Input data START

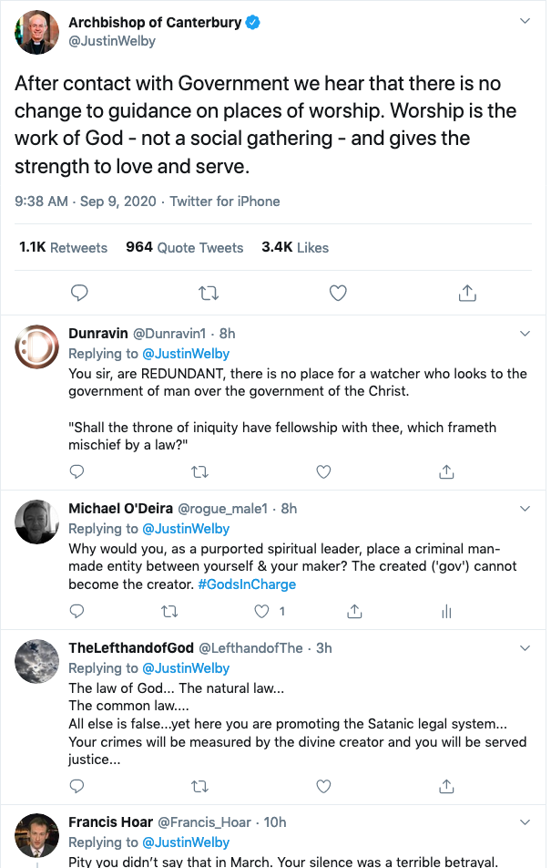 When the Archbishop of Canterbury places the criminal UK ‘gov’ as a higher authority than God, the Church of England is in serious trouble. This fact cannot be overstated for it may even usher in its very demise. A price that will be necessary for its engagement with and support of the false state. In fact, this is true of every single church which has unquestioningly followed the ‘gov’s’ Covid-1984 psyop and closed its doors to their congregations, at a time when the sanctuary and community of church was never more needed. (At least, in modern memory). It is a scandalous breach of trust:
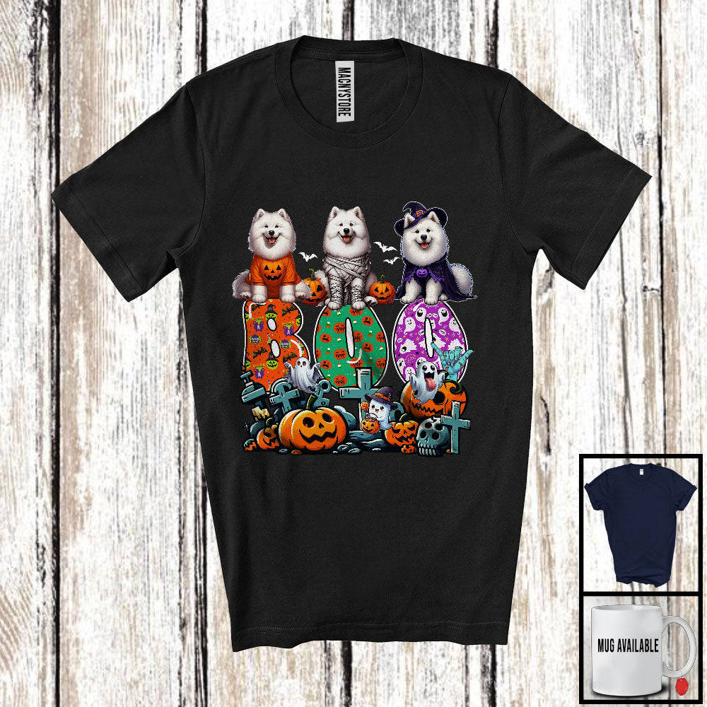 new MacnyStore - Boo; Spooky Halloween Three Pumpkin Mummy Witch Samoyeds Owner; Family Group T-Shirt – Macnystore
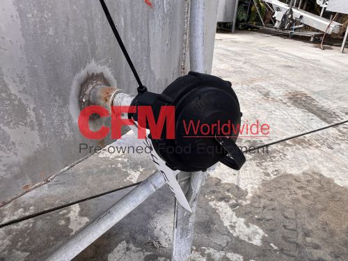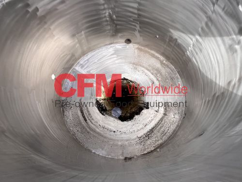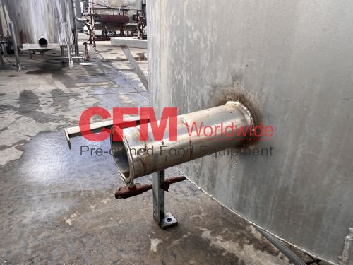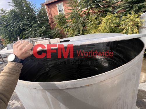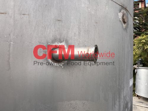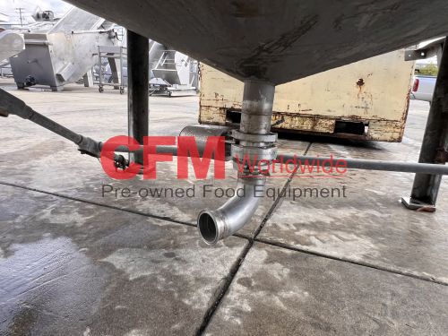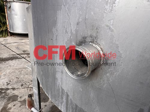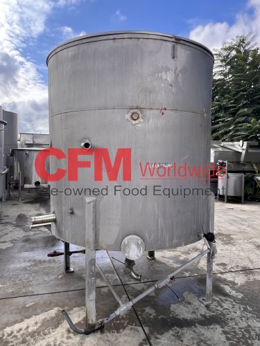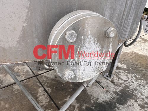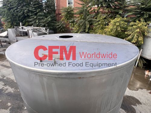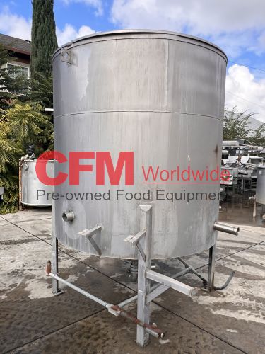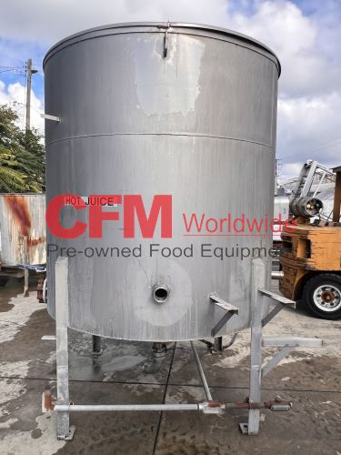 1200 gallon stainless steel vertical tank, 72" diameter x 72" tall, hinged cover, sloped bottom, 1) 4" side infeed, 2) 3" side infeeds, 3" center bottom discharge, stainless steel legs, 102" high, as is, fair condition.
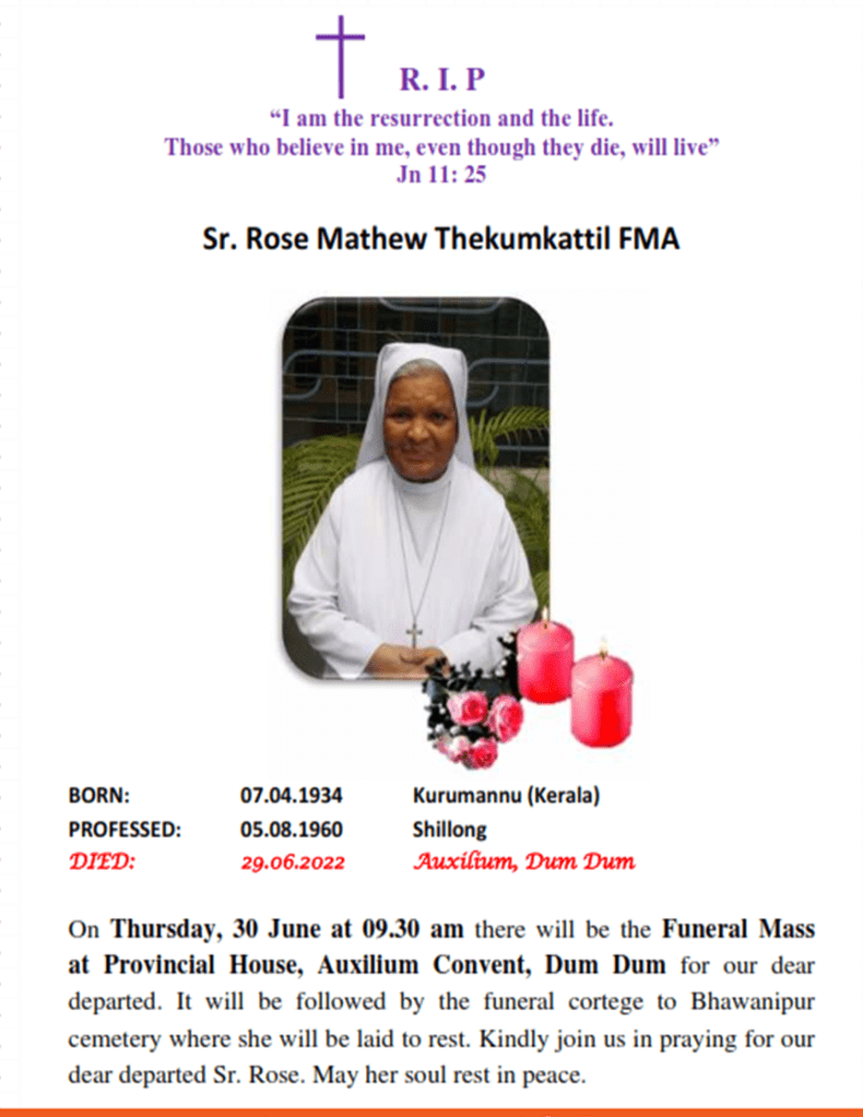 Sr. Rose Mathew: Rest in peace

Input data END

■ Description of the task ■
Write down exactly the lines running from the line with "new MacnyStore - Boo;" through the end of the material, both ends included, and none of the pictures.

■ Answer to this problem ■
 new MacnyStore - Boo; Spooky Halloween Three Pumpkin Mummy Witch Samoyeds Owner; Family Group T-Shirt – Macnystore
 1200 gallon stainless steel vertical tank, 72" diameter x 72" tall, hinged cover, sloped bottom, 1) 4" side infeed, 2) 3" side infeeds, 3" center bottom discharge, stainless steel legs, 102" high, as is, fair condition.
 Sr. Rose Mathew: Rest in peace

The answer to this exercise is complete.